§ Required action:
Copy word for word the lines in the records below, starting at the line with "当PWM驱动高电平使得NMO" and ending at the line with "One of the standout". Skip the pictures.

§ Data provided:
_ _ _ _

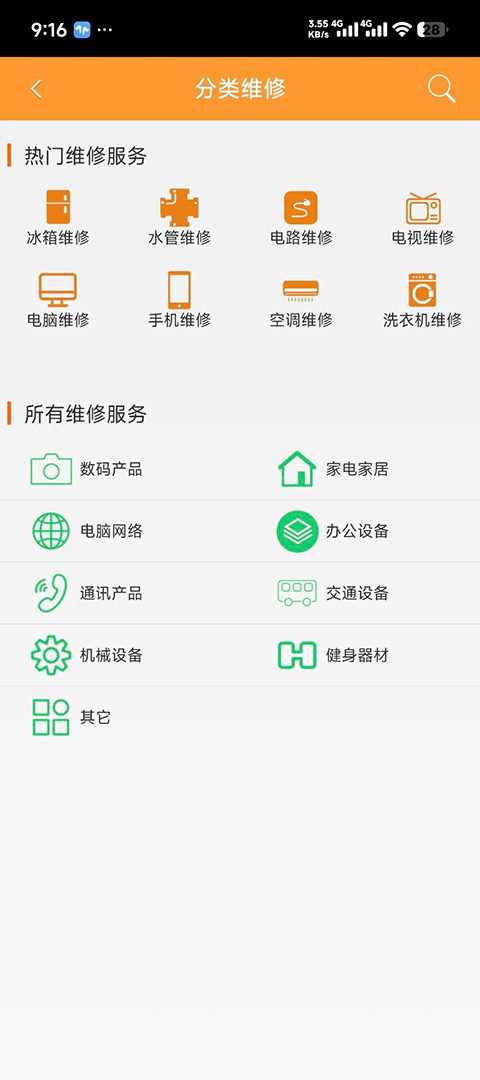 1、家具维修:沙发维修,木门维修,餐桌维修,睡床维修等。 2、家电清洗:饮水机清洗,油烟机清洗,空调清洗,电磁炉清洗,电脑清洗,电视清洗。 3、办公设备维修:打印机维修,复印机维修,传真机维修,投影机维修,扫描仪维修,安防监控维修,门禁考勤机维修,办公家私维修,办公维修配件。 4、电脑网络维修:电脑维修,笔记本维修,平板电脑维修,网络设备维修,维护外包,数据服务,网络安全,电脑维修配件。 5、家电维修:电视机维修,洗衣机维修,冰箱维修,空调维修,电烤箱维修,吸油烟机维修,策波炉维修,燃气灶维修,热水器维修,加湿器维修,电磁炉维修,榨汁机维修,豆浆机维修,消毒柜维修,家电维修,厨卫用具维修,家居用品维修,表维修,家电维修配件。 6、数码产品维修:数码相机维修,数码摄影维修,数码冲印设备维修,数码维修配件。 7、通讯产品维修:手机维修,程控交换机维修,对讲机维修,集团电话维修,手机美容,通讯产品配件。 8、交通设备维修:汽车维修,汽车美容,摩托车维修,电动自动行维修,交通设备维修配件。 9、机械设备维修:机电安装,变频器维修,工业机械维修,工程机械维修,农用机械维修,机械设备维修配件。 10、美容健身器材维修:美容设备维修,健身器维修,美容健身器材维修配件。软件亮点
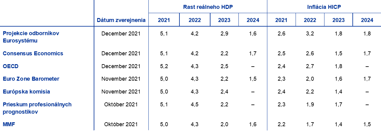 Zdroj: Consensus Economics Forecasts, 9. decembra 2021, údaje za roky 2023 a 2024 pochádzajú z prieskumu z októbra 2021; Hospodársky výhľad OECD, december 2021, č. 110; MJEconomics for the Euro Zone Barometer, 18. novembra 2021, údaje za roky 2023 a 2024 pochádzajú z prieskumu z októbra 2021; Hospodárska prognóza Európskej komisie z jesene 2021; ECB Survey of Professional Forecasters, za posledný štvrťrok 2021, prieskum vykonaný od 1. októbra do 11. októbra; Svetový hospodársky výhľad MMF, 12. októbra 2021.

_ _ _ _

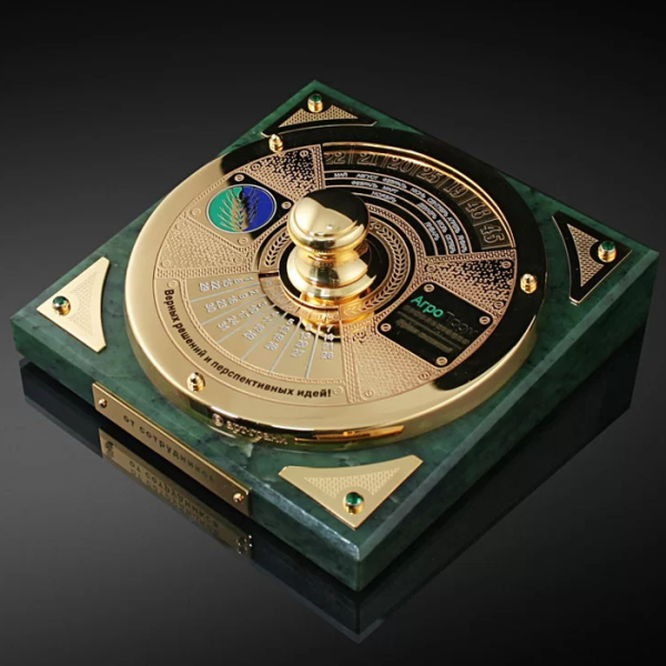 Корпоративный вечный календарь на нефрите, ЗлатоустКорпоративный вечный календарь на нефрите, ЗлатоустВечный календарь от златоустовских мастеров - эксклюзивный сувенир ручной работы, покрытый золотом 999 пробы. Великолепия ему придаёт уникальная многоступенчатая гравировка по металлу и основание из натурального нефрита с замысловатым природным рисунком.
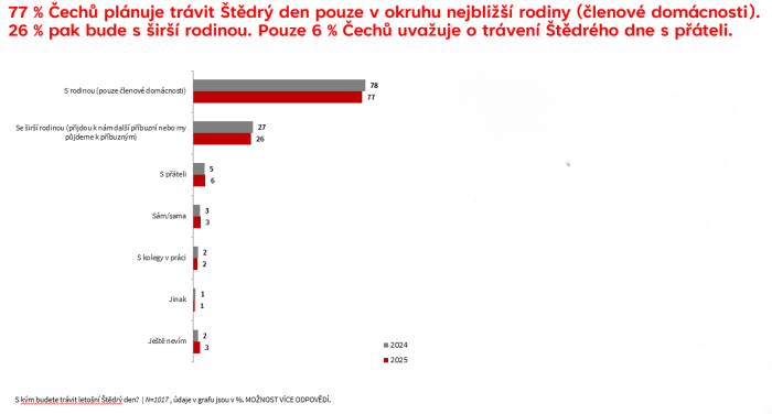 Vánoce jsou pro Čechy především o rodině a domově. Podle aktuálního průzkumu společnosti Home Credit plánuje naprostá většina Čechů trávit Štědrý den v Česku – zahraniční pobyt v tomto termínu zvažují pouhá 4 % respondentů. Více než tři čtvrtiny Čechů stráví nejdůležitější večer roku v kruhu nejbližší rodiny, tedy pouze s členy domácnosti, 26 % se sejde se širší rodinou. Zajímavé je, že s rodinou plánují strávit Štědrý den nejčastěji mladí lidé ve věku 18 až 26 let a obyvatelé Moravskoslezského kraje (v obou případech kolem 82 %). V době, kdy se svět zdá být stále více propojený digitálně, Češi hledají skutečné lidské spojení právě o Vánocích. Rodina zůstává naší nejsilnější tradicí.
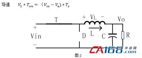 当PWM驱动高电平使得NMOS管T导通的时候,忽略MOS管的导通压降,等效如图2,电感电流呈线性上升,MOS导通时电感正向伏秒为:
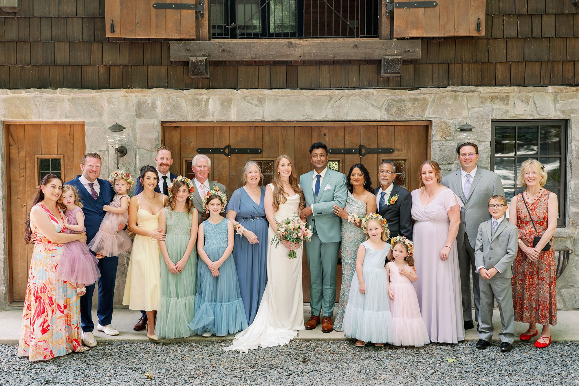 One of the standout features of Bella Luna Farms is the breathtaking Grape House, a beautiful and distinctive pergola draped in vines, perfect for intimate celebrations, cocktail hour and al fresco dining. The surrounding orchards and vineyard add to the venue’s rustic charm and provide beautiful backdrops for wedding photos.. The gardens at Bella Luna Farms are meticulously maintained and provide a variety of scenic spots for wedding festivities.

_ _ _ _

§ Exercise response:
 当PWM驱动高电平使得NMOS管T导通的时候,忽略MOS管的导通压降,等效如图2,电感电流呈线性上升,MOS导通时电感正向伏秒为:
 One of the standout features of Bella Luna Farms is the breathtaking Grape House, a beautiful and distinctive pergola draped in vines, perfect for intimate celebrations, cocktail hour and al fresco dining. The surrounding orchards and vineyard add to the venue’s rustic charm and provide beautiful backdrops for wedding photos.. The gardens at Bella Luna Farms are meticulously maintained and provide a variety of scenic spots for wedding festivities.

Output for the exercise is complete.